S1E5 “The One-Armed Man”

Audrey smokes in twin peaks high school bathroom

There is a surplus of fan-favorite quotable lines in Twin Peaks Episode 4, and I think the chewiest is when Audrey Horne tells Donna Hayward, “In real life, there is no algebra.”

There is a telling irony in this quip. On the surface, Audrey’s articulating with all the confidence of a high school teenager how useless she feels her math education is to what matters in life. And yet, Audrey pivots right into asking Donna questions that will help her figure out who killed Laura Palmer. Audrey desperately wants to solve for X so she can secure the attention and love of Agent Cooper. Algebra is a system of substituting signs and symbols for missing information in order to facilitate a process of putting pieces together. Simply put, Audrey is actively doing algebra, and so is nearly everyone else in this episode, as scene after scene features investigations, new clues, and epiphanies.

Donna and audrey in the high school bathroom

What follows is a map of the episode’s algebra, with close attention to the more intense equations.

Opening the episode is an eerie, floating shot of the Palmer house. It’s better to say “a” Palmer house, though, since this is not the iconic house that features more prominently throughout the series. While this alternative house may be of use in building theories of multiple timelines in the wake of Season 3, what I find more intriguing is the unsettlingly unidentified point of view conjured through the camera movement. The motion implies a force, an agency, or the sense of a dream without a dreamer. It’s eerie because we get the feeling there’s an agent focalizing what would typically be an objective establishing shot. As an algebra equation, this beginning prompts us to wonder if there’s an X to solve for that’s deeper into the grain of the place and plot than the previous episodes have suggested.

Inside the Palmer house, the transfer of an image from Sarah Palmer’s internal vision to an investigation-ready sketch is underway. As the camera movement and cutting circulate around the living room, there’s an emphasis on faces: Sarah Palmer’s as she re-experiences the trauma of her vision, and that vision as a metonymy of the trauma of losing Laura; Deputy Andy Brennan’s face of concentration as he combines active listening with artistic acumen, bolstering the alternative masculinity he’s brought to the series from his first appearance in the Pilot; and the face of the man in Sarah’s vision. She describes his hair as “grey-on-grey.” That line is a tautology, but just like Audrey on algebra, Sarah’s impression also contains the multiplicity of something that is more than one but not quite two.

A wide shot of the Palmer living room. The sheriff sits across from the couch containing Donna, Sarah and Andy.

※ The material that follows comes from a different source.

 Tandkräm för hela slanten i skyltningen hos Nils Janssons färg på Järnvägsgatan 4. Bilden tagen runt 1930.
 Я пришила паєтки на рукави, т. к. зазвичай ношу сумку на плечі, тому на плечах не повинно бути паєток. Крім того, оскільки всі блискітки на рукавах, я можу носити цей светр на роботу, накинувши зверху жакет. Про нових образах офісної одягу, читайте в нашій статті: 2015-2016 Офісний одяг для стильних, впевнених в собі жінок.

Leland Palmer emerges from behind a screen in the living room. He has been in the scene the whole time, yet we didn’t see him. Leland is a person who is there and not there, observing while not being observed. He draws everyone’s attention when he shares that Sarah has, in fact, had two visions. He delivers this news with a vocal tone and body language that make it a barb aimed at Sarah, and her facial reaction and vocal tone reply to Leland in kind. There’s a domestic code at work here, an algebra of aggression and something else that only these two know.

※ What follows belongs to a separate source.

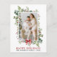 Elegant Watercolor Winter Greenery Happy Holidays Photo Postcard includes eucalyptus leaves and red holly berries. Red Bow Ribbon.
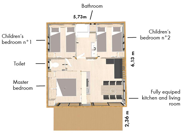 | voor max. 6 personen | 33 m2 (5,5x6 m) | overdekt terras 14 m2 |

As he speaks, Leland is framed by the camera with a painting in the background of a person that makes a visual near-rhyme with his posture and the color of his robe. That an artistic rendering in the room rhymes with him operates like an unconscious clue that there might be another artistic rendering in the room that connects with Leland. So, if we retrace the signals in the show that point at Leland, this scene is one, whether intentionally made that way or not.

The scene ends with a close-up of Donna’s face as she reacts to Sarah recounting how her second vision included the excavation of the necklace that Donna and James buried together. Donna manages to hold her face steady so that no one in the room will observe her inner turmoil and desire to find out if there is an X regarding that necklace that she and James would then have to solve for. Underscoring her duality in the moment is an audio bleed of the opening from the soap opera within Twin Peaks, Invitation to Love, then a cut to Lucy Moran as she summarizes the current episode to Sheriff Truman and Deputy Andy.

Now the episode shifts into another scene of investigation and interrogation. Visually, the scene opens on Dr. Jacoby, a local psychiatrist, who is holding two golf balls between three fingers. The golf balls held at the same level as his eyes, which are already a focal point due to his red-blue 3D glasses, make another visual rhyme in the episode. They look like a second set of eyeballs, but one that does not see.

Jacoby then creates the illusion of magic as he seems to pop one of the golf balls into his own ear and then produces a golf ball from his mouth. Cooper observes the performance without comment and with a facial expression of what seems like exasperation barely contained by the need to ensure the doctor will be a cooperative witness.

Jacoby does a magic trick with golf balls
As a viewer, it’s easy to be pulled into Cooper’s dismissive reaction to Jacoby’s show, for, as many critics point out, Cooper is the avatar and point of identification for viewers who are also outsiders entering the town of Twin Peaks and trying to uncover its secrets and solve its mysteries. But disentangle yourself from Cooper, and Jacoby’s sleight of hand tells a truth in the form of a lie. Those things that enter the ear and come out of the mouth are illusions. They are real, just as the golf balls are real, but they’re deployed with misdirection to lead to false conclusions.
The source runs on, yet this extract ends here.